Coast Guard hauls mystery out of river

Knight Ridder

PHILADELPHIA – Turns out the “pipe” that punctured a Greek tanker last month and caused a massive oil spill on the Delaware River wasn’t a pipe after all.

Dozens of engineers and other experts said Friday that the large hunk of iron the Coast Guard hauled out of the water Thursday was the top half of the housing of a large centrifugal pump.

The housing could have come from a dredging operation or a water or sewage plant, they said. How it got to the bottom of the Delaware, however, remained a mystery.

“It’s not something that you have to put under a microscope and say, ‘Ah, it’s this.’ It’s obvious,” said Frederick Blum, a mechanical engineer with Paul Zamrowski Associates Inc. in Berwyn, Pa. “Any engineer knows what it is.
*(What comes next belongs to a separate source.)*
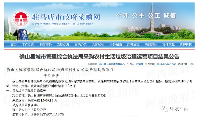 確山縣農(nóng)村生活垃圾治理運(yùn)營項目中標(biāo)信息
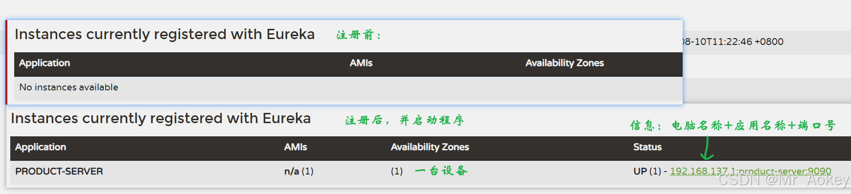 # Eureka相关配置# Eureka 服务server: port: 10010spring: application: name: eureka-servereureka: instance: hostname: localhost client: fetch-registry: false # 表示是否从Eureka Server获取注册信息,默认为true.因为这是一个单点的Eureka Server,不需要同步其他的Eureka Server节点的数据,这里设置为false register-with-eureka: false # 表示是否将自己注册到Eureka Server,默认为true.由于当前应用就是Eureka Server,故而设置为false. service-url: # 设置与Eureka Server的地址,查询服务和注册服务都需要依赖这个地址 defaultZone: http://${eureka.instance.hostname}:${server.port}/eureka/

The real interesting question, in my opinion, is: How did it get there, whose is it?”

But the Army Corps of Engineers and the Coast Guard were mum Friday on the “metal object” and its origins.

“Everybody I talk to has got an opinion about this,” said Merv Brokke, an Army Corps of Engineers spokesman. “We’re going to let the investigative team take a look at it and let them study it and let them come up with their conclusions.”

The pump housing was taken to a Coast Guard facility in Philadelphia on Thursday for evaluation, but officials there had no new information to release Friday.